Saturday, December 10, 2005

the Impersonal Principle

Education Through Art Nita Mathur © 1998 Indira Gandhi National Centre for the Arts, New Delhi
As empiricism, experimentation and demonstrability reign over the world order, there is a deepening silent crisis in education marked by eroding wisdom, depleting values and denuding self-knowledge. This crisis cannot be resolved by improving literacy rate figures, nor by making policy interventions, much less by creating data banks and building up information storehouses.
The word ‘education’ is often employed synonymously with literacy, particularly in bureaucratic and political parlance, as a kind of divine weapon — the brahmastra to combat all human problems. Material and human resources are hence directed towards positing and achieving formidable targets of total literacy. Education programmes lay emphasis on learning to read and write as also on specialising in various academic disciplines.

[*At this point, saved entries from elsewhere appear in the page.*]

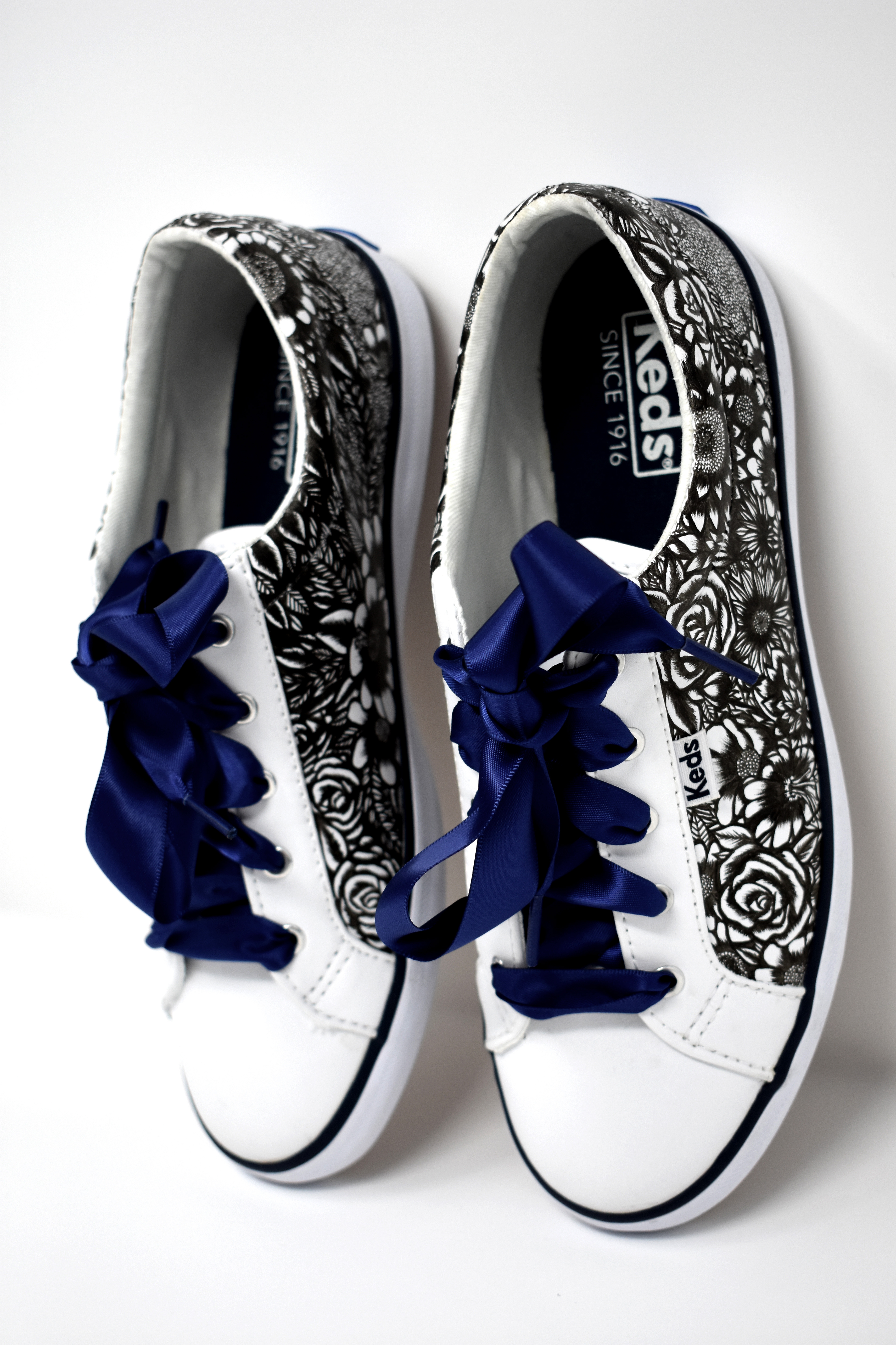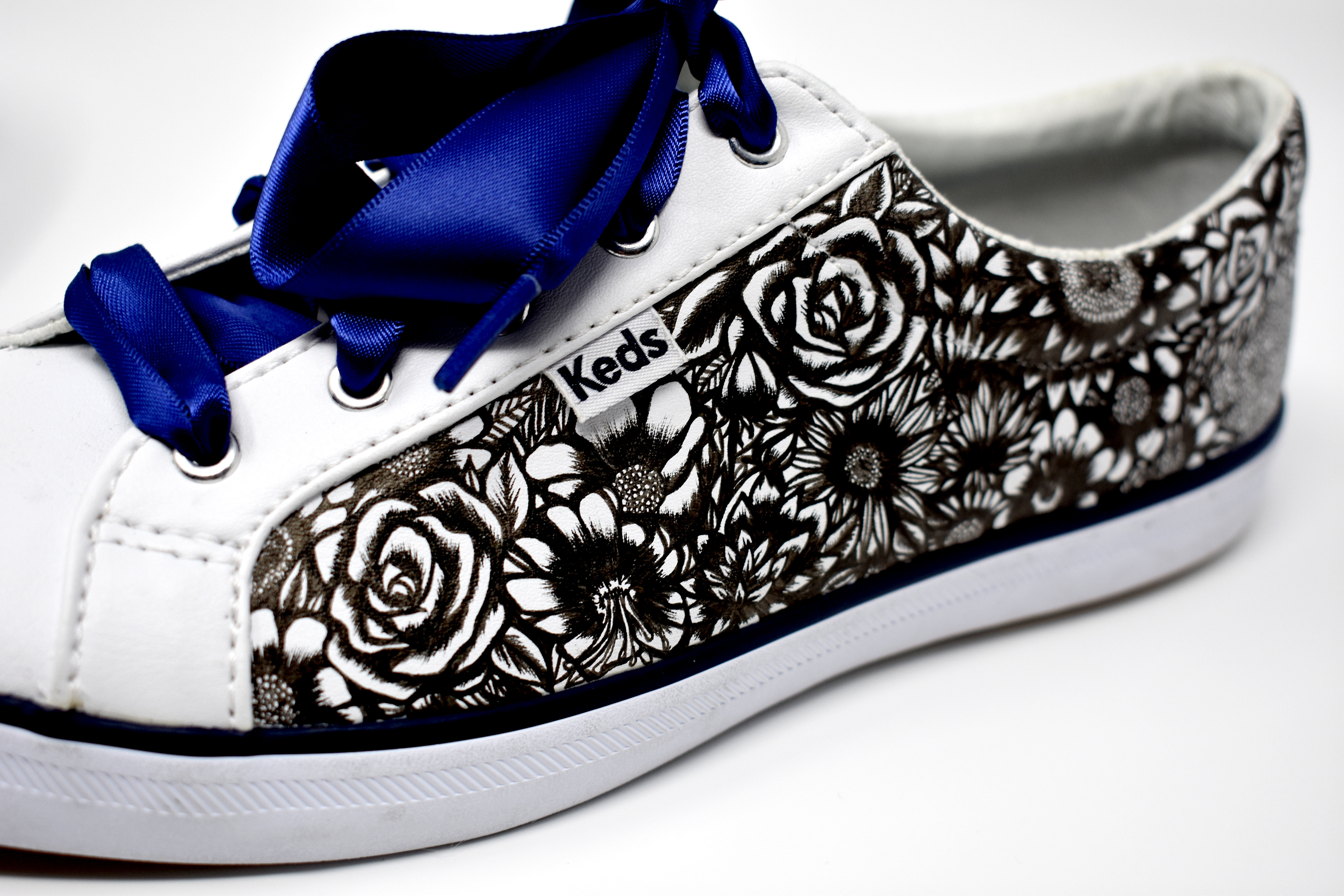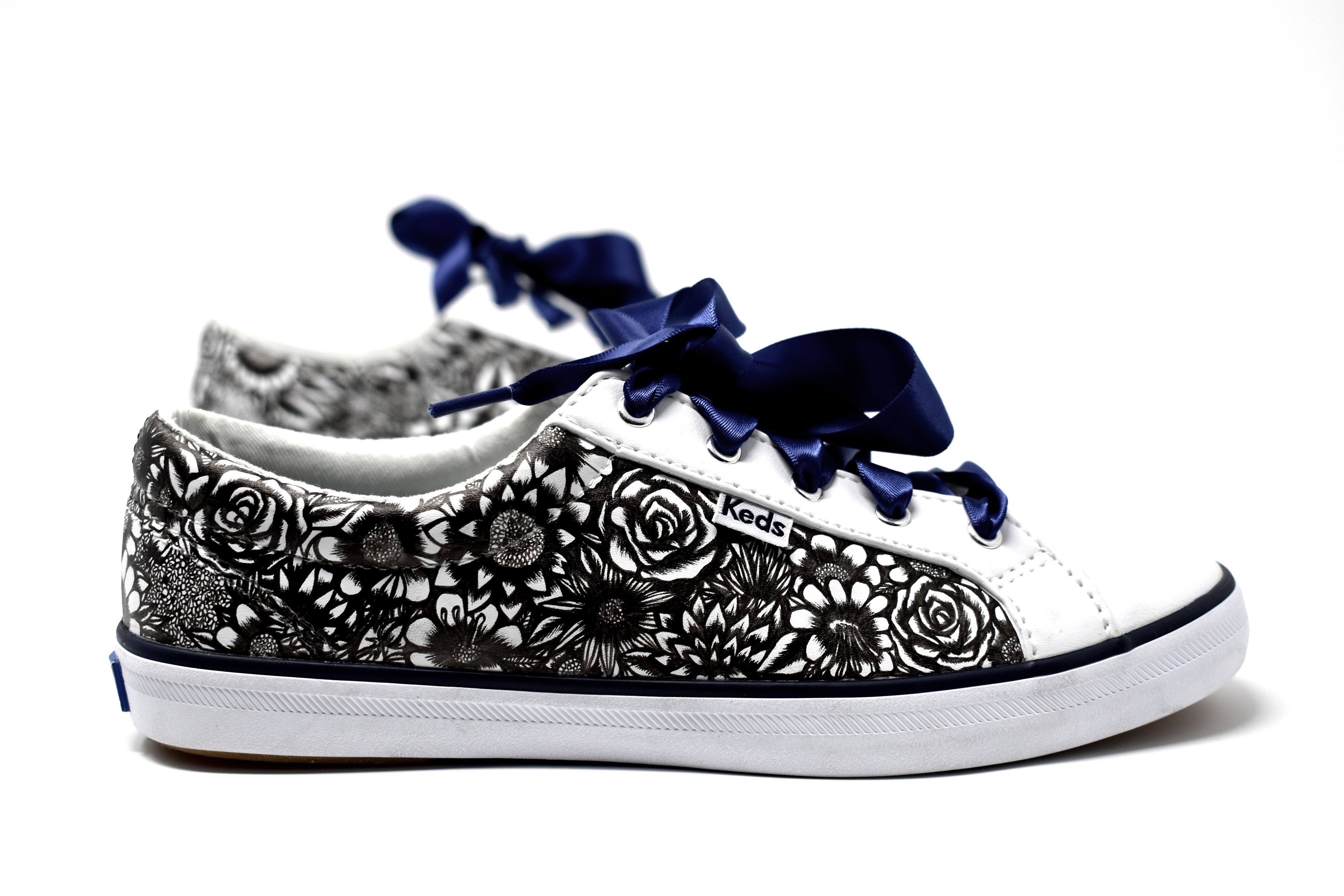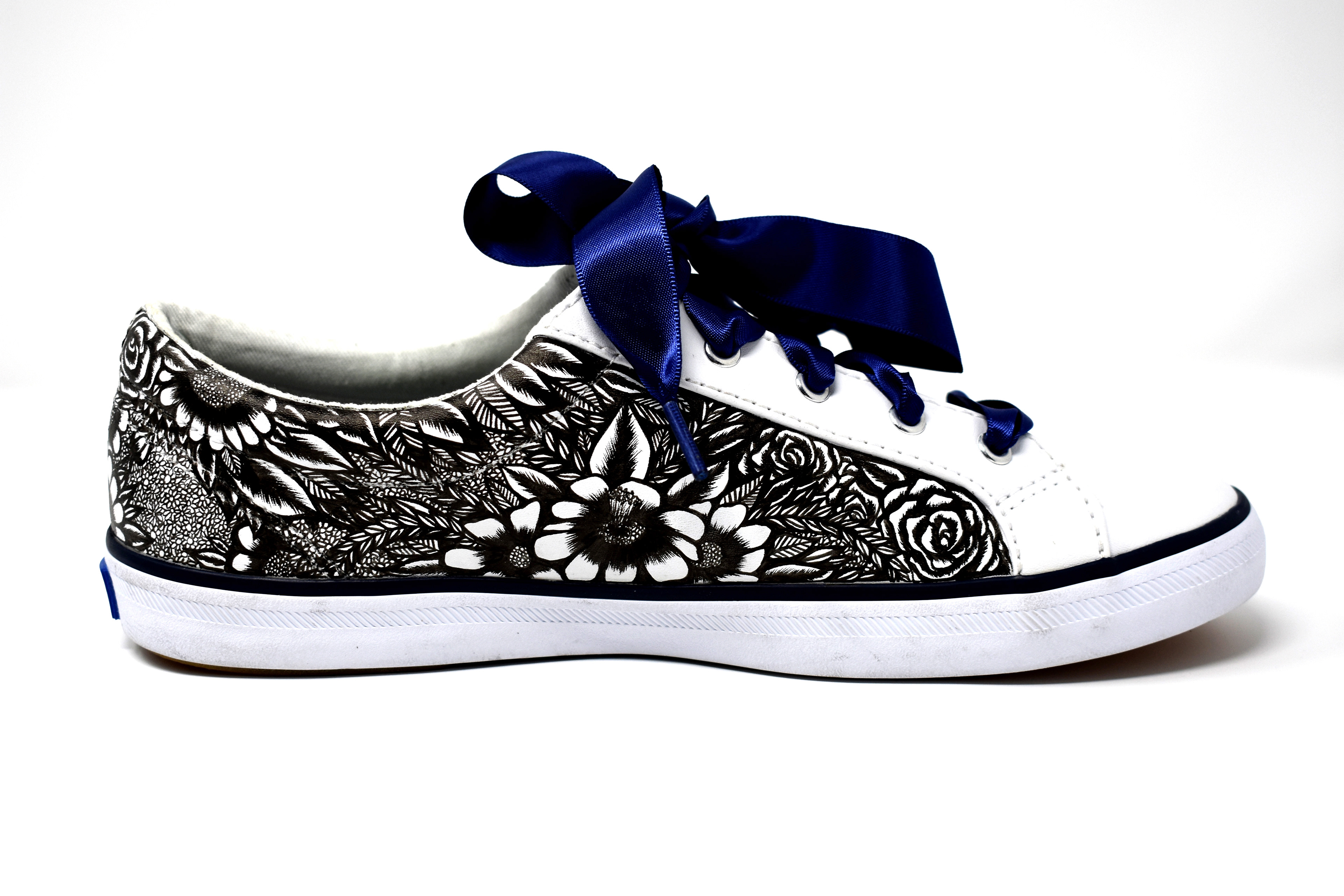 (2019) Ink on women's leather keds with navy ribbon laces These shoes are blooming with a variety of flowers and leaves to express femininity and nature.
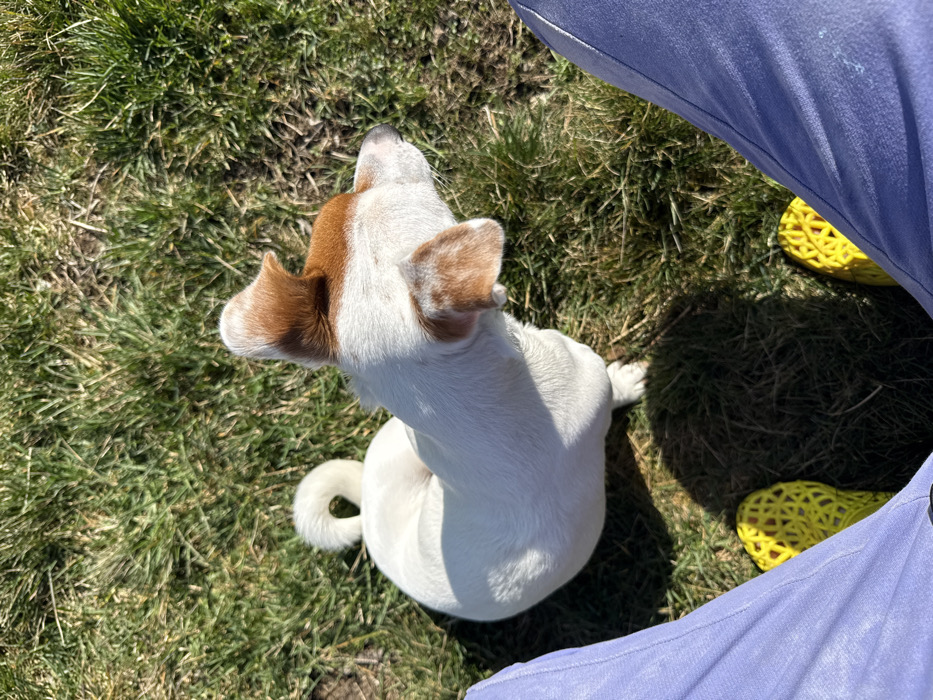 The image captures an overhead view of an outdoor scene in Galabovtsi, Bulgaria, under clear, sunny conditions. The lower legs of an individual are visible in the foreground, clad in light blue fabric trousers and bright yellow, open-weave footwear. To the upper-left of the person's feet, a small, short-haired dog stands on green grass. The dog is predominantly white with tan-brown markings on its head and ears, and its tail is curled in a tight spiral over its back. It is oriented away from the viewer, facing towards the right. Distinct shadows from both the person and the dog are cast upon the grass. The ground consists entirely of green grass.
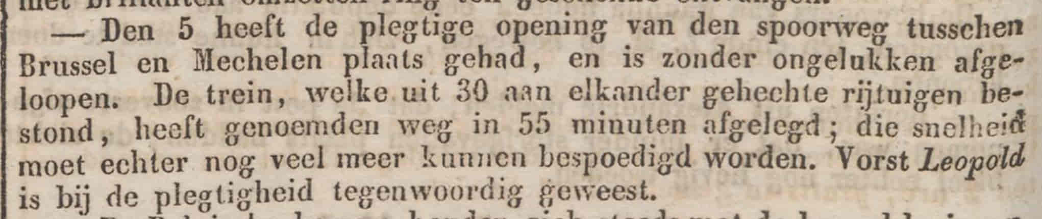 - 1835 – In België is de eerste treinrit tussen Brussel en Mechelen, en is de eerste rit op het vasteland van Europa. Later worden de spoorlijnen Mechelen – Antwerpen, Brussel – Luik, Gent – Oostende geopend. ➔Krantenbericht
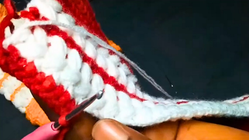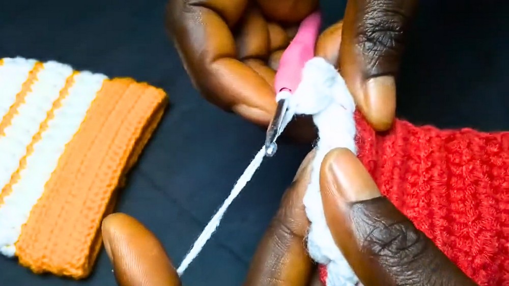- From row 2 to row 10, use half-double crochet (HDC) stitches while working in the back loops only. This creates a textured appearance with slight ridges.
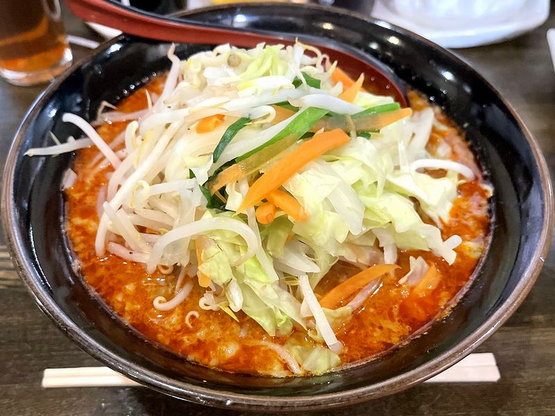 それと具は、キャベツ、モヤシ、ニンジン、ニラなど種類も豊富な茹で野菜がたっぷり。こちらのお店は具が必要十分な素ラーメンも良いですが、ことピリ辛などみそ系の味に限っては、野菜ラーメンの方が好みというか茹でた野菜のさっぱり感がベストマッチかと。
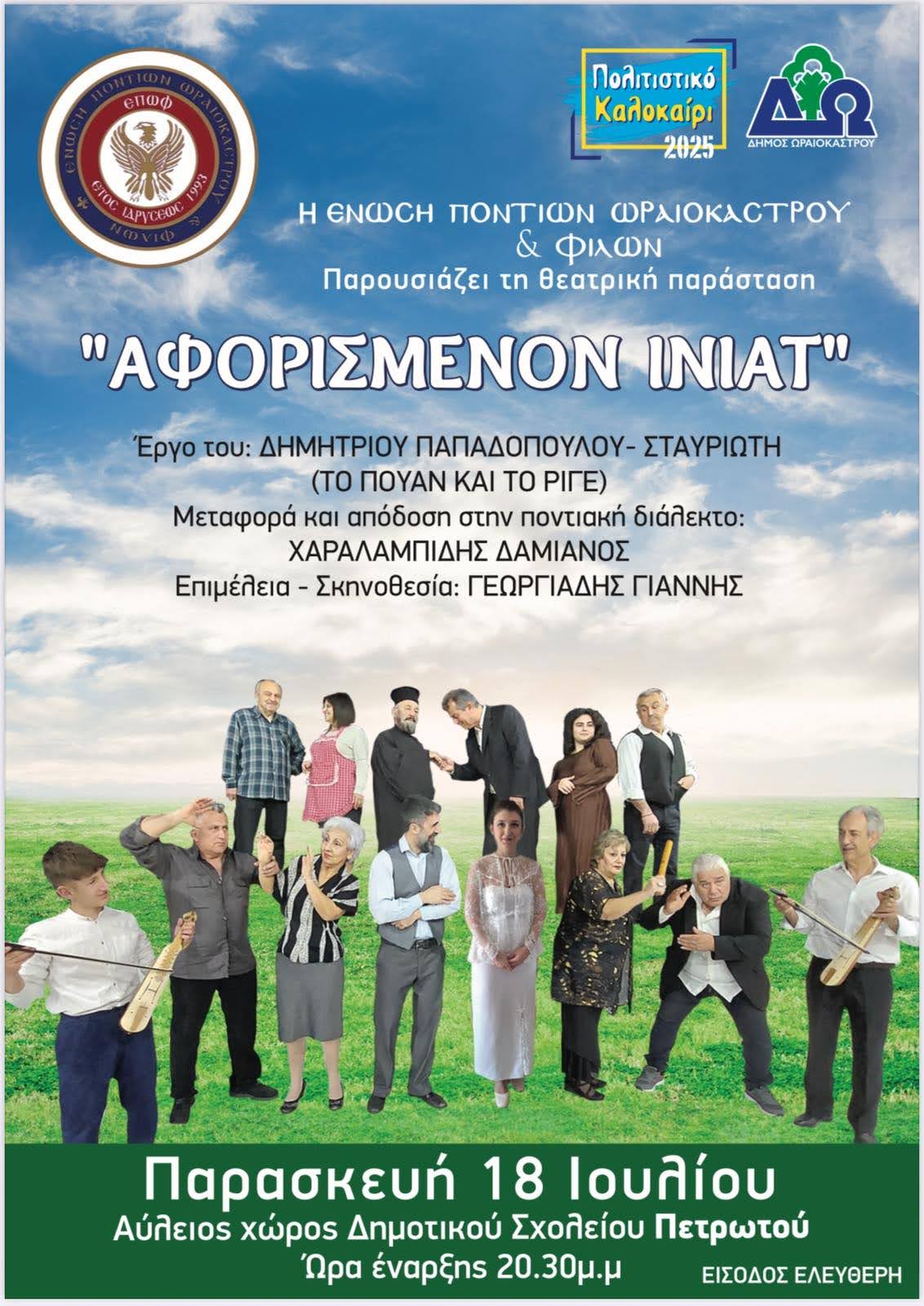Δ. Ωραιοκάστρου – Ένωση Ποντίων Ωραιοκάστρου και Φίλων: Στο Πετρωτό παρουσιάζεται η παράσταση «Αφορισμένον Ινιάτ»
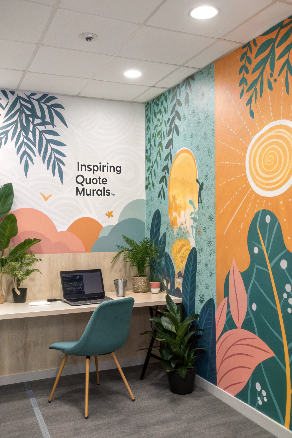 Incorporate inspiring quote murals to infuse your office with positivity and drive. Select phrases that resonate deeply with your values and ambitions, placing them in prominent spots for frequent viewing. These murals not only enhance the aesthetic but also cultivate a mindset geared toward productivity and perseverance.
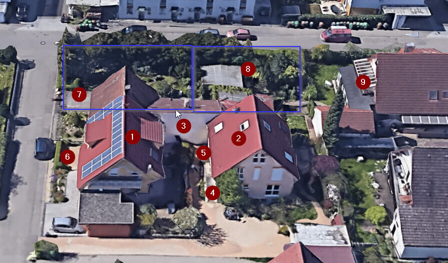 1+2: Nachbarhäuser an die passend angebaut werden muss. Häuser müssen angeglichen sein
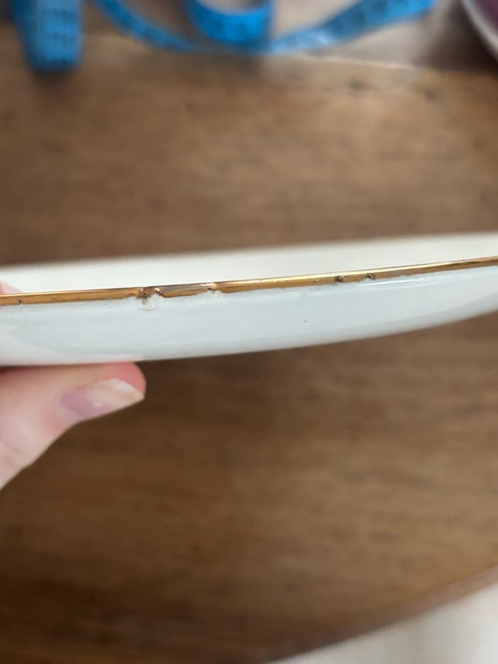 Vintage ancien Ensemble de 5 assiettes à dessert Thème : équitation et chevaux, à l’effigie de Masina Reine du trotting En très bon état, possibles petites irrégularités en regard de la dorure Diamètre 18,5 cm

Knowledge such as this is experiential. It develops from and survives on the cultural substratum of the people who create and use it. Thus education consists of beholding, receiving, embellishing and handing down traditional wisdom. A piece of Rabari embroidery, for instance, is also a kind of text, a visual text quite different from written text. The Madhubanis aspire to depict their legends, re-create their own lives and transcend worldly existence through their paintings. A painting is subtle and replete with meaning and message, carrying substance beyond the contours of figures and spread of colours. The patterns and motifs of trees, birds, fish and others, singular and in association, portray the gamut of beliefs, concepts and understandings, in essence, the life-style and world-view of the Madhubani people. Elders sit in the midst of children who assist them at various stages. The technique and the conceptual context gets passed on from one generation to the next through verbal articulations and depictions as part of collective social memory.
Conveyed by oratory, preserved by memory and transmitted by legacy, this system of education is related with the everyday life of a people, which makes it meaningful and fulfilling. It becomes a pathway to self-knowledge and truth. The many branches of knowledge and the arts share the cosmogonic base. As Saraswati (1994) has pointed out, the Rathvas and Saoras regard god as the first painter and, interestingly, the painting itself as god. The act of painting thus gets interpreted as ‘reading’ the god. The people receive inspiration for painting in dreams and in altered states of consciousness. While the content of Rathva paintings derives from the pictorial history of the universe — the work of the first painter — the subject-matter of Saora pictographs is life in the underworld as revealed to the priest in dreams and in a state of trance.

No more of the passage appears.